Provided entries Start Marker

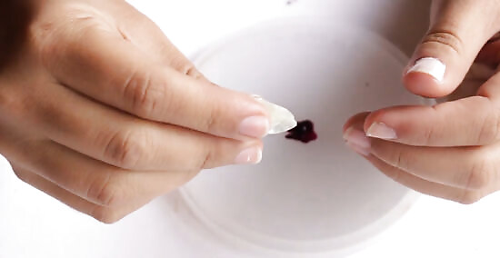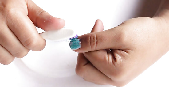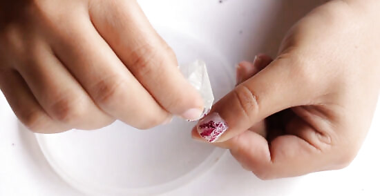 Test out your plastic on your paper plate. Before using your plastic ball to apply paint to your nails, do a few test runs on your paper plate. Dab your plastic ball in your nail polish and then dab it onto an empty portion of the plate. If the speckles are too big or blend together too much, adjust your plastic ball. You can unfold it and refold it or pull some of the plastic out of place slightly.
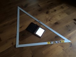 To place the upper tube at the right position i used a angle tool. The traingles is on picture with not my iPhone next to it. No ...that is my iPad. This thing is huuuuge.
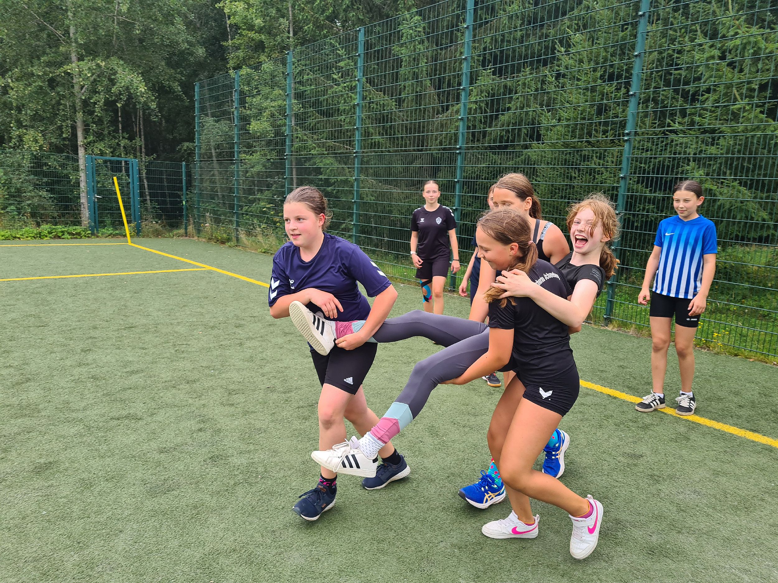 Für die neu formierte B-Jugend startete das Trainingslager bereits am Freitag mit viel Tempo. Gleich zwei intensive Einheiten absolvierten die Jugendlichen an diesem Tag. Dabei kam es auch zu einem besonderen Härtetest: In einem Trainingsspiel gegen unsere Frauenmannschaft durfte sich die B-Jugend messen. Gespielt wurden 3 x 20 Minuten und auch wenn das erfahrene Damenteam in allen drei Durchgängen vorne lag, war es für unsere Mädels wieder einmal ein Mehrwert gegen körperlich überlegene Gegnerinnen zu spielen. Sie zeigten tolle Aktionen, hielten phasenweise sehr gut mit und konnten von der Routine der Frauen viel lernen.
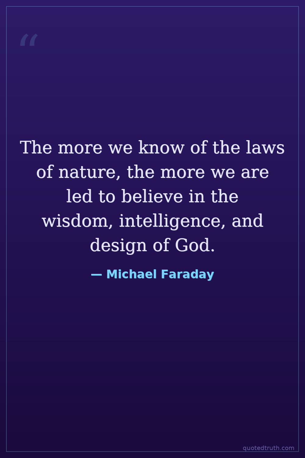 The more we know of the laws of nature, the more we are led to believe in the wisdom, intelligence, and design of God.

Provided entries End Marker
Provided entries Start Marker

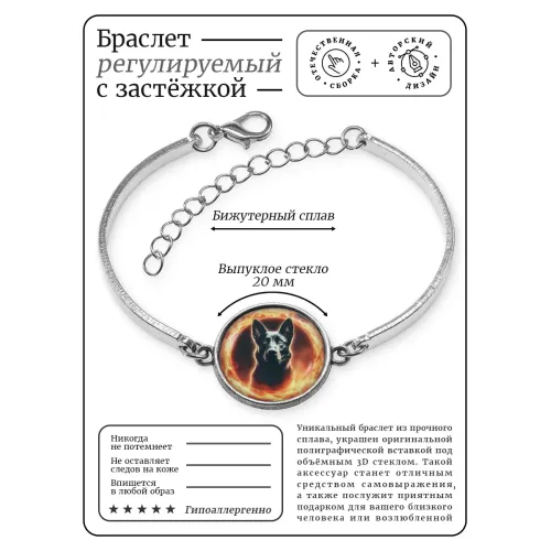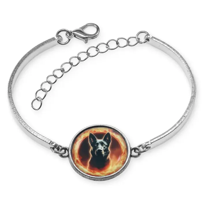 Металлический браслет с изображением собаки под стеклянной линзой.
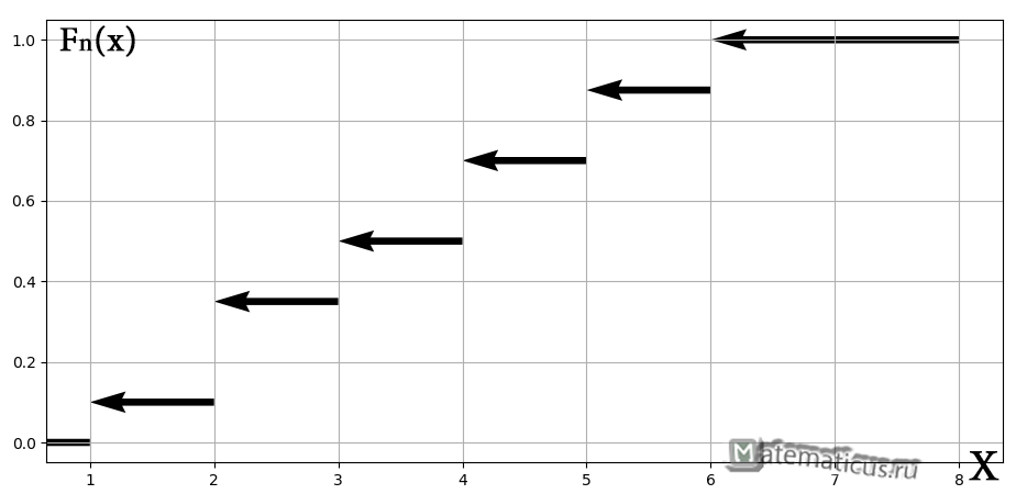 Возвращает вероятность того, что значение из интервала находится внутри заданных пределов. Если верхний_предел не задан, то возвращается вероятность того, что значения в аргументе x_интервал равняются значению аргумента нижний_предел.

Provided entries End Marker

## Requirement
Please repeat, exactly as written, the lines in the records above, starting with the one that has "Test out your" and going on through the one that has "The more we know". Pictures are to be left out.

## Solution to the problem
 Test out your plastic on your paper plate. Before using your plastic ball to apply paint to your nails, do a few test runs on your paper plate. Dab your plastic ball in your nail polish and then dab it onto an empty portion of the plate. If the speckles are too big or blend together too much, adjust your plastic ball. You can unfold it and refold it or pull some of the plastic out of place slightly.
 To place the upper tube at the right position i used a angle tool. The traingles is on picture with not my iPhone next to it. No ...that is my iPad. This thing is huuuuge.
 Für die neu formierte B-Jugend startete das Trainingslager bereits am Freitag mit viel Tempo. Gleich zwei intensive Einheiten absolvierten die Jugendlichen an diesem Tag. Dabei kam es auch zu einem besonderen Härtetest: In einem Trainingsspiel gegen unsere Frauenmannschaft durfte sich die B-Jugend messen. Gespielt wurden 3 x 20 Minuten und auch wenn das erfahrene Damenteam in allen drei Durchgängen vorne lag, war es für unsere Mädels wieder einmal ein Mehrwert gegen körperlich überlegene Gegnerinnen zu spielen. Sie zeigten tolle Aktionen, hielten phasenweise sehr gut mit und konnten von der Routine der Frauen viel lernen.
 The more we know of the laws of nature, the more we are led to believe in the wisdom, intelligence, and design of God.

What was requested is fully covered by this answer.